- **INFORMATION SUPPLIED**
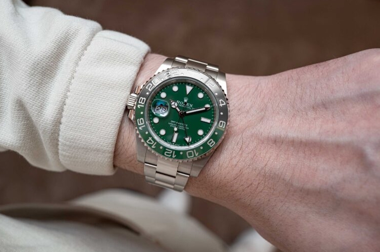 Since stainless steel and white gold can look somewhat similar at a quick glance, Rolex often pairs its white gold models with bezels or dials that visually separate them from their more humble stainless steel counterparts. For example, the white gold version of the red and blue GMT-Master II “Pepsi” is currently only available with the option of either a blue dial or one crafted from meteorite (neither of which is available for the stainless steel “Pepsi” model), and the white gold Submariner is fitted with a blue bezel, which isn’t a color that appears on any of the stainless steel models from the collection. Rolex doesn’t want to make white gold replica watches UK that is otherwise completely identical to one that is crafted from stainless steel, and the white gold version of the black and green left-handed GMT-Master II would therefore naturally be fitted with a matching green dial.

* * *

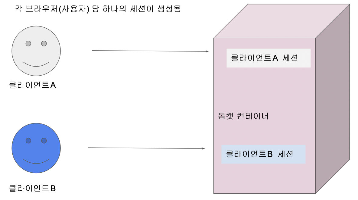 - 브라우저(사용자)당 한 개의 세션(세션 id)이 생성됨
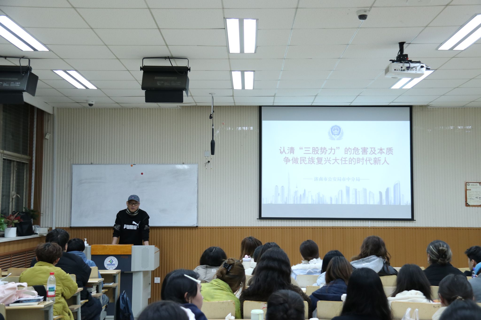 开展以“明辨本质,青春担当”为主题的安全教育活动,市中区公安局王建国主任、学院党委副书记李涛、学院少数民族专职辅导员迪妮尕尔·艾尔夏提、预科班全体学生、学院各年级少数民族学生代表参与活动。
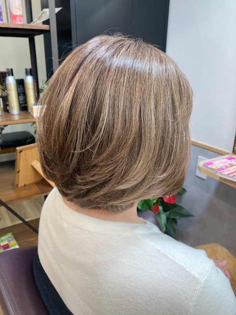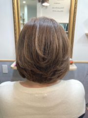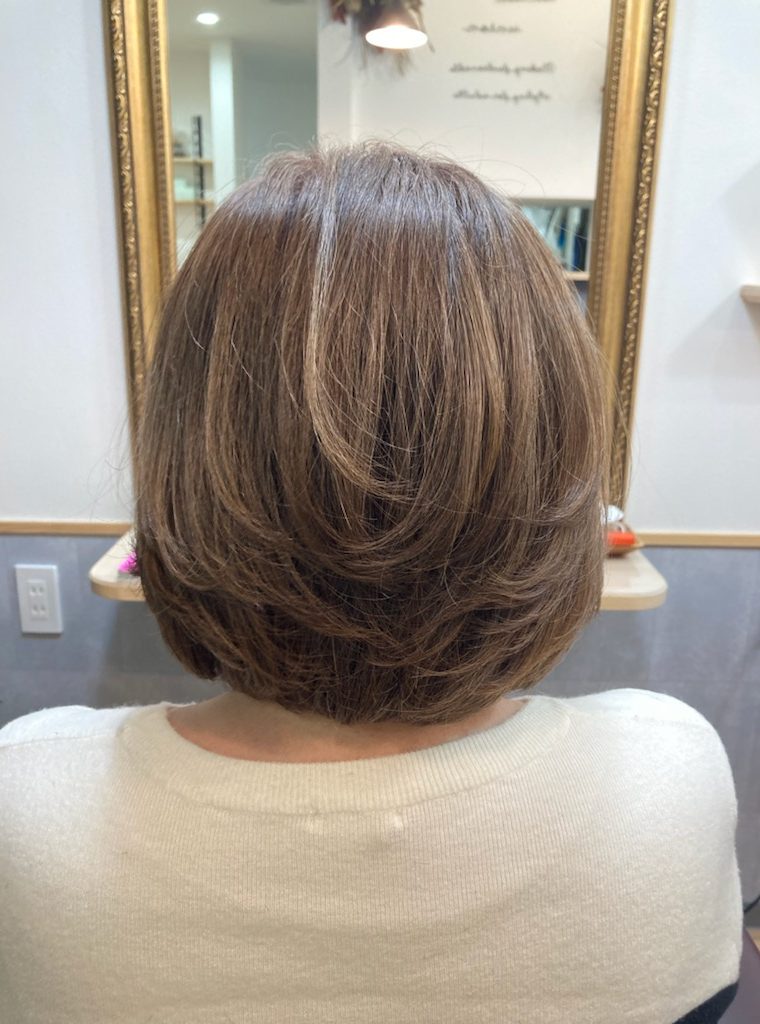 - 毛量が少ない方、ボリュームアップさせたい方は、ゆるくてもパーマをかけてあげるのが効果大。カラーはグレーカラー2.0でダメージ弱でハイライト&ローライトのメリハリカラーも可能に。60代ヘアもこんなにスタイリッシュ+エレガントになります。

---

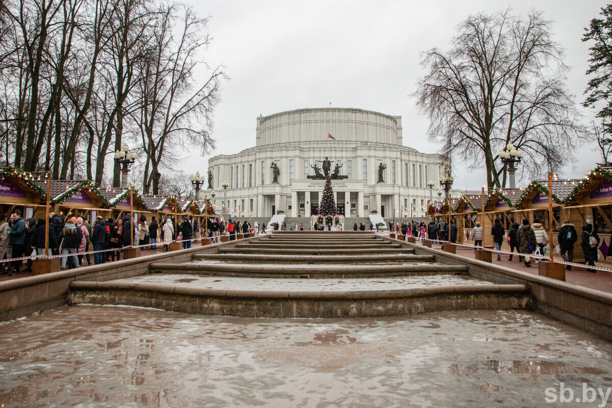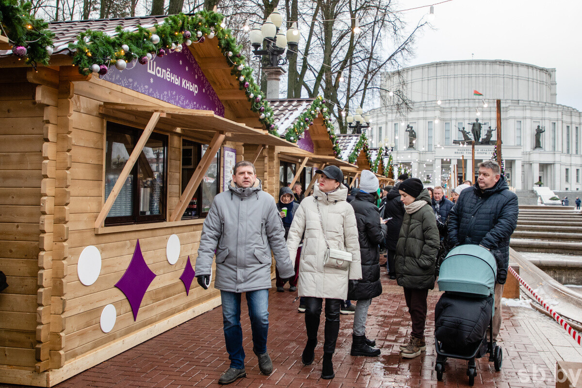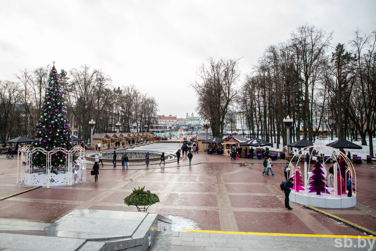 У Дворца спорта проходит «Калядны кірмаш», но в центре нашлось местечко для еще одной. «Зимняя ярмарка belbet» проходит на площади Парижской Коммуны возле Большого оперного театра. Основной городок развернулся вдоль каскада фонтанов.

- **YOUR TASK**
When you reach the line that has "- 브라우저(사용자)당 한 개의 세션(세션 id)이 생성됨" in the data above, start repeating lines exactly, and stop after the line that has "- 毛量が少ない方、ボリュー"; pictures stay out.

- **ANSWER**
 - 브라우저(사용자)당 한 개의 세션(세션 id)이 생성됨
 开展以“明辨本质,青春担当”为主题的安全教育活动,市中区公安局王建国主任、学院党委副书记李涛、学院少数民族专职辅导员迪妮尕尔·艾尔夏提、预科班全体学生、学院各年级少数民族学生代表参与活动。
 - 毛量が少ない方、ボリュームアップさせたい方は、ゆるくてもパーマをかけてあげるのが効果大。カラーはグレーカラー2.0でダメージ弱でハイライト&ローライトのメリハリカラーも可能に。60代ヘアもこんなにスタイリッシュ+エレガントになります。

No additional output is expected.